JE: The fear factor was my greatest challenge with this book. How could I portray danger without really frightening the youngest readers and without diluting the story? In an early draft, Anett did not come face to face with soldiers. I had done a mock-up of the story with some stick figures (thank goodness for Fabio!) and read it to my critique group. One person commented that the tension thread could be heightened with some sort of confrontation. I knew then that Anett had to dig deeper, drawing on her bravery and ability to stay calm. That was when I added the scene where her parents were out and Anett had to answer the door when the soldiers banged. I’m glad I did because, in the end, Anett faced her greatest fear and triumphed.
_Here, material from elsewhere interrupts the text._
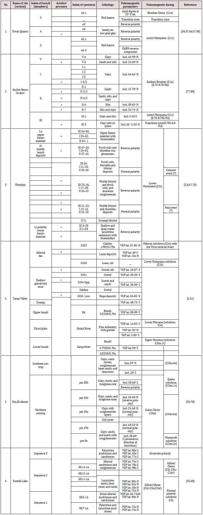 Generalization of paleomagnetic parameters observed in the anthropological sites (outcroppings) in the northern part of the Levantine Corridor. It is well-known that the ecostratigraphic nature of deposits is associated with subaqueous and subaerial sedimentation settings. Such a combined analysis, undertaken for the first time as a correlation criterion for the Late Cenozoic sections of the Levant, makes it possible to separate the stages and zones of active sedimentation and the zones and epochs of tectonic-thermal activity that oppose them. These zones and stages reflect the critical phases of the existence and evolution of ancient hominins. Meanwhile, facies and ecostratigraphic analysis of the Levantine sections with artifacts has confirmed the geomorphological and paleogeographical data on alternating stages of hydrospheric disturbances and associated periods of humidification and drying [14].

TWM: What was your greatest satisfaction?
JE: I really struggled between 1st person and 3rd person with this story. I eventually settled on 1st person. I felt it drew the reader closer to Anett. Sometimes, in picture books, 1st person can seem too sophisticated prompting suggestions of expanding the story into a middle grade novel. I was very committed to this being a picture book, and I’m very glad that I didn’t have to compromise.

TWM: How did you research this story?
JE: I researched this story through non-fiction books and Internet accounts of the time period. I also asked some Jewish friends to read drafts to make sure that I was culturally accurate.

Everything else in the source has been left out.